_TASK TO COMPLETE_
Reproduce the opening lines of the listing below exactly, stopping after the line that contains "A pair of hands" and leaving out any pictures.

_AVAILABLE DATA_
==================================================
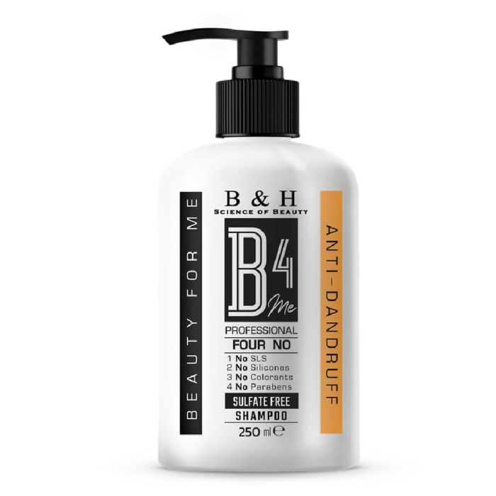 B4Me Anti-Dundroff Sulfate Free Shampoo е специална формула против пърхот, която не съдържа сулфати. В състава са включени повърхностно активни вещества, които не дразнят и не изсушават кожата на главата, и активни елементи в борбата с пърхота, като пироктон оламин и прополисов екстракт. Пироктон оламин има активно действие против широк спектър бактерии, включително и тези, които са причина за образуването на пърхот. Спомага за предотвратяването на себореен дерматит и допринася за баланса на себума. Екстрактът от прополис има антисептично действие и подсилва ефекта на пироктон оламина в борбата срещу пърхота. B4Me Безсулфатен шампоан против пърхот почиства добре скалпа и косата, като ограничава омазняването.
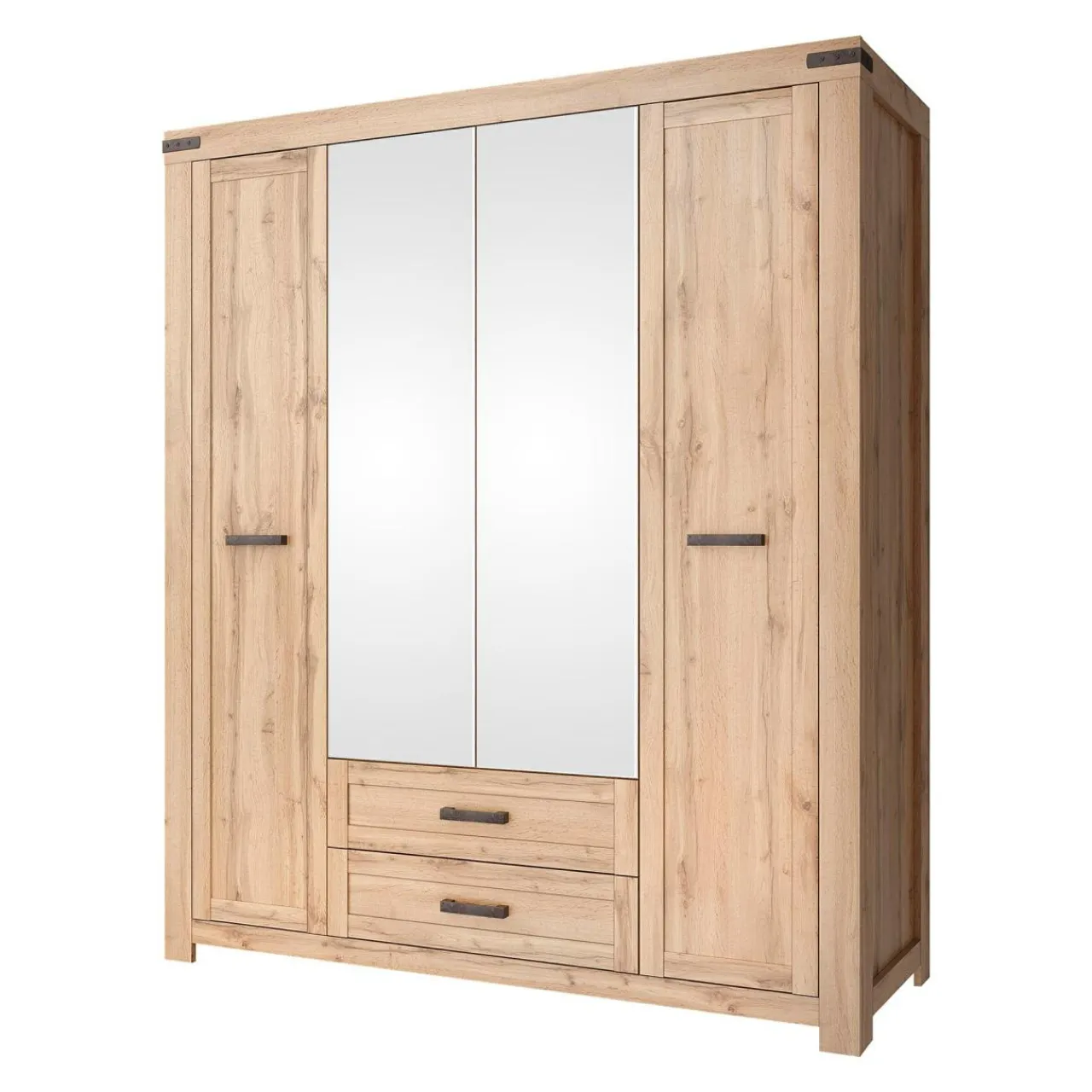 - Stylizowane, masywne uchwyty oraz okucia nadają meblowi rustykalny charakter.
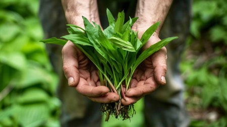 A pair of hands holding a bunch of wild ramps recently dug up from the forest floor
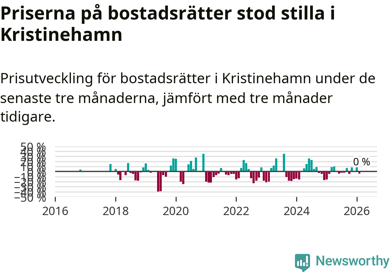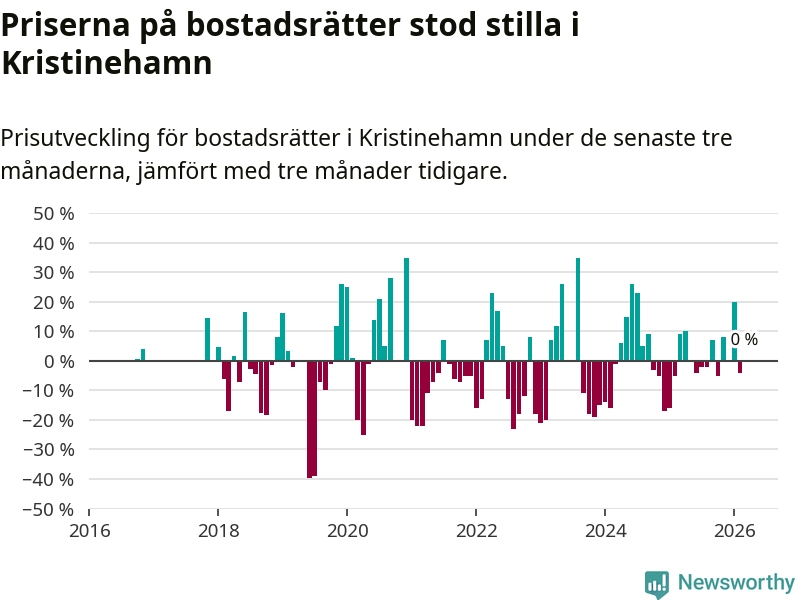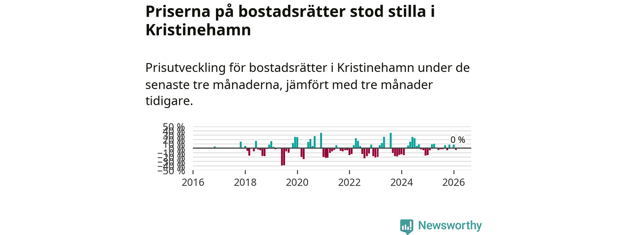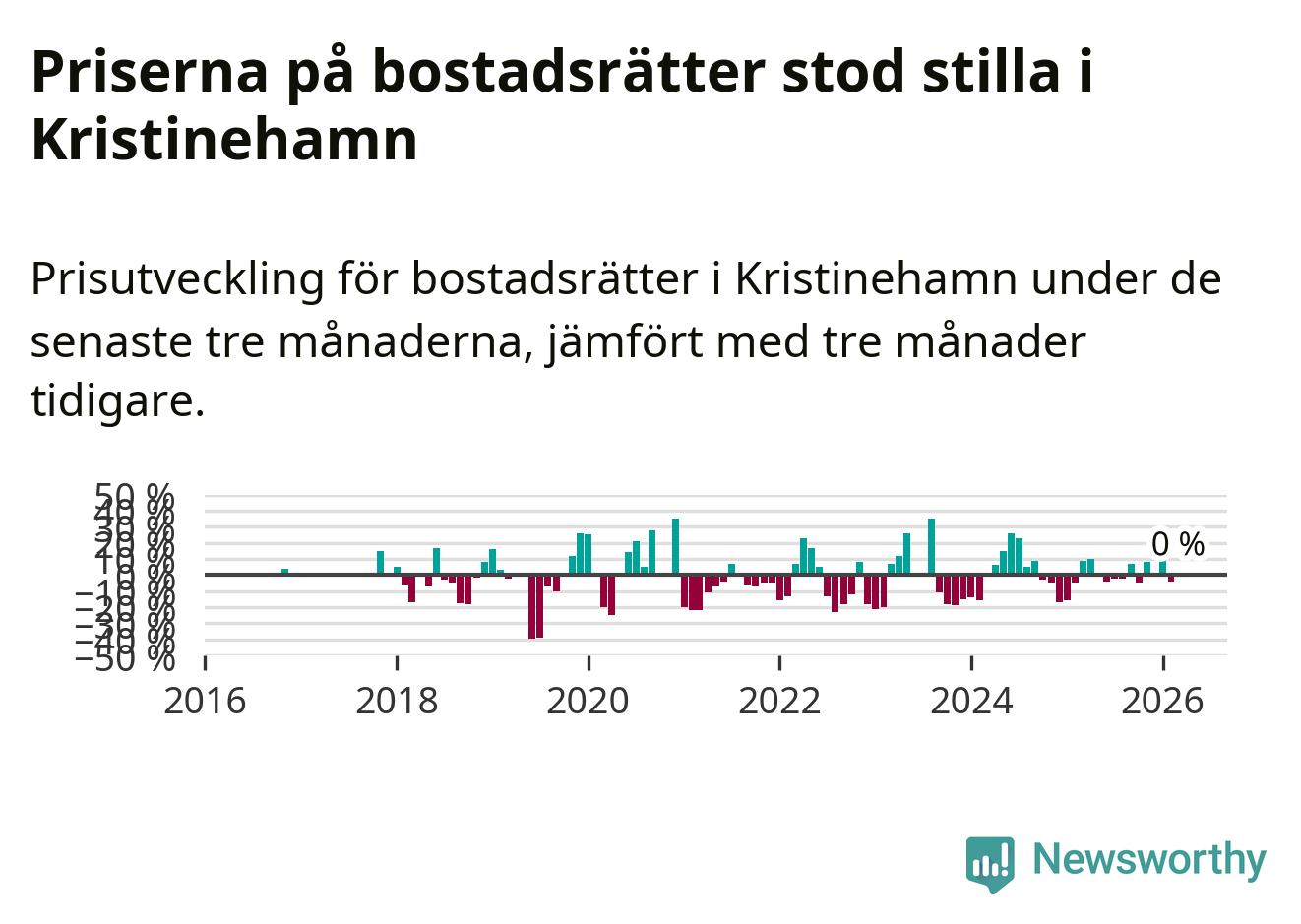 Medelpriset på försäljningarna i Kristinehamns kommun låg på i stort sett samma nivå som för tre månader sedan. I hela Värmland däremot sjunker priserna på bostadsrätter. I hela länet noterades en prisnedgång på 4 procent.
==================================================
_OUTPUT BELOW_
 B4Me Anti-Dundroff Sulfate Free Shampoo е специална формула против пърхот, която не съдържа сулфати. В състава са включени повърхностно активни вещества, които не дразнят и не изсушават кожата на главата, и активни елементи в борбата с пърхота, като пироктон оламин и прополисов екстракт. Пироктон оламин има активно действие против широк спектър бактерии, включително и тези, които са причина за образуването на пърхот. Спомага за предотвратяването на себореен дерматит и допринася за баланса на себума. Екстрактът от прополис има антисептично действие и подсилва ефекта на пироктон оламина в борбата срещу пърхота. B4Me Безсулфатен шампоан против пърхот почиства добре скалпа и косата, като ограничава омазняването.
 - Stylizowane, masywne uchwyty oraz okucia nadają meblowi rustykalny charakter.
 A pair of hands holding a bunch of wild ramps recently dug up from the forest floor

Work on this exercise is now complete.